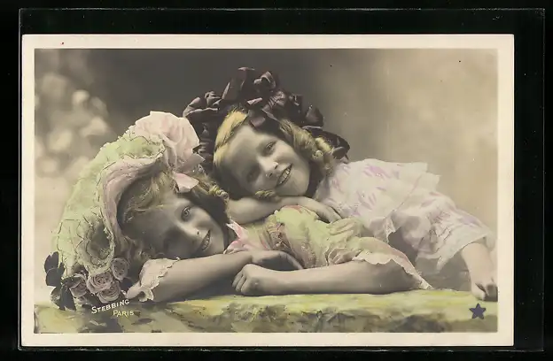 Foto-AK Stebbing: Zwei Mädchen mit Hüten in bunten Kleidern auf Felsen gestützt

■ ■ ■ ■ ■ ■ ■

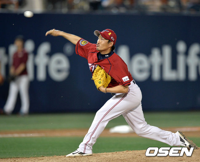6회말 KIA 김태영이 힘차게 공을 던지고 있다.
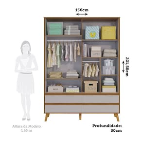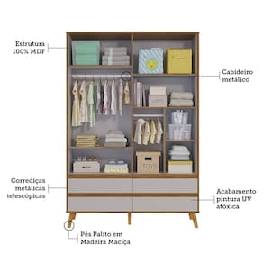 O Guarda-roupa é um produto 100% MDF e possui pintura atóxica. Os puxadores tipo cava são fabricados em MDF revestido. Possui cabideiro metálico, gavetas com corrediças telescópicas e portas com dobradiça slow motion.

■ ■ ■ ■ ■ ■ ■

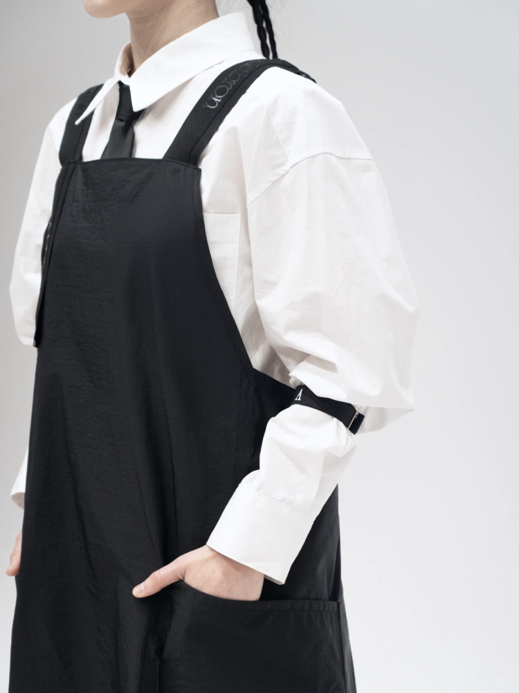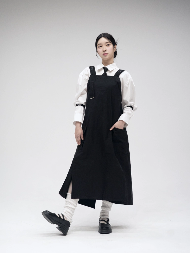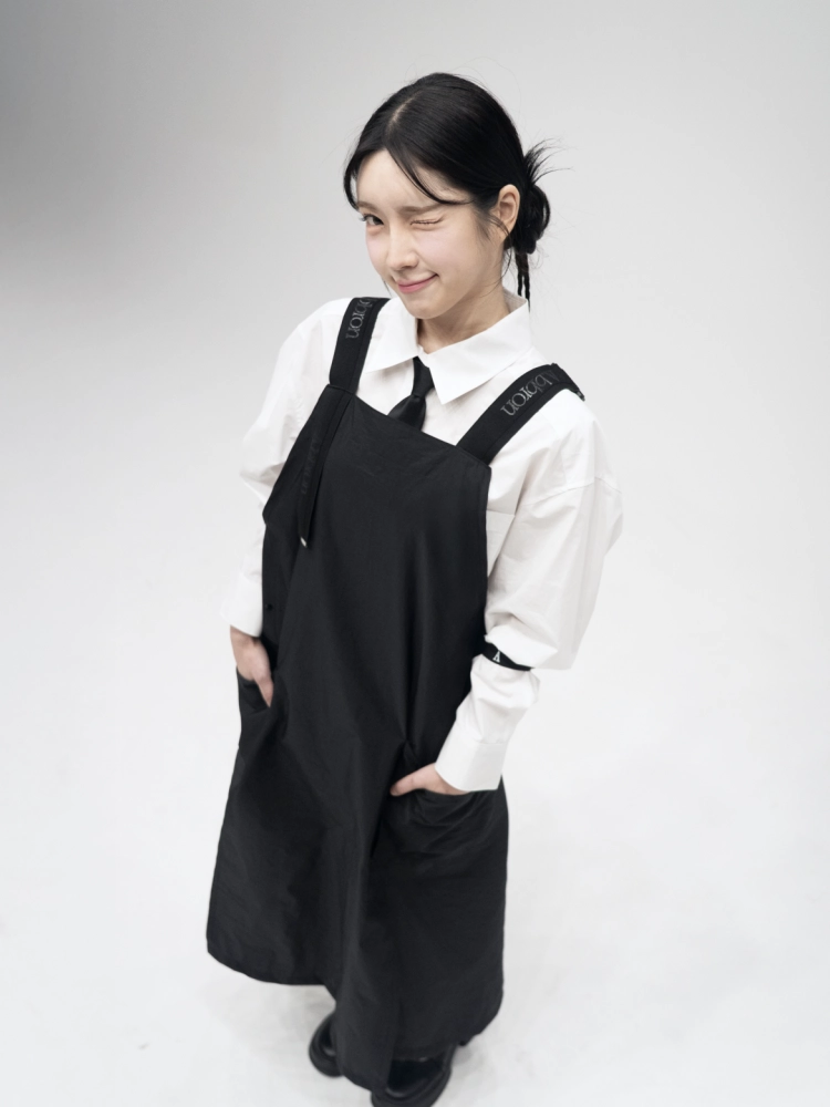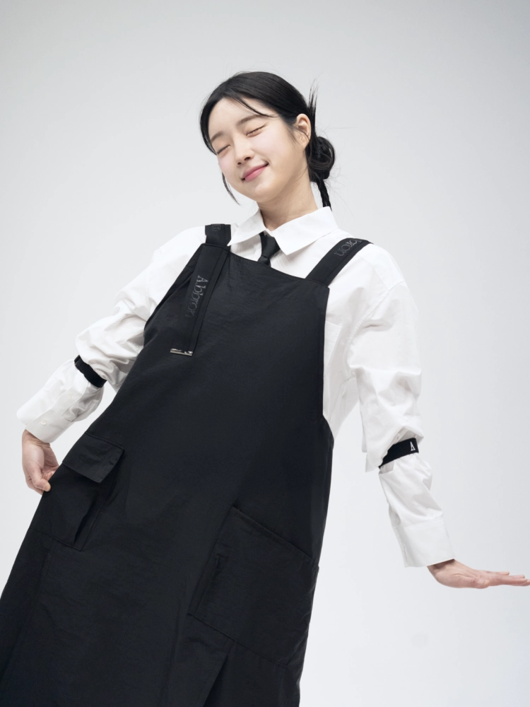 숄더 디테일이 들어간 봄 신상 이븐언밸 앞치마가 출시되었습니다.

■ ■ ■ ■ ■ ■ ■

■ To do:
Copy needed, without pictures: the lines of the listing above from the line containing "6회말 KIA 김태영이 힘차게 공을 던지고 있다." up to and including the line containing "O Guarda-roupa é", set down exactly.

■ Output below:
6회말 KIA 김태영이 힘차게 공을 던지고 있다.
 O Guarda-roupa é um produto 100% MDF e possui pintura atóxica. Os puxadores tipo cava são fabricados em MDF revestido. Possui cabideiro metálico, gavetas com corrediças telescópicas e portas com dobradiça slow motion.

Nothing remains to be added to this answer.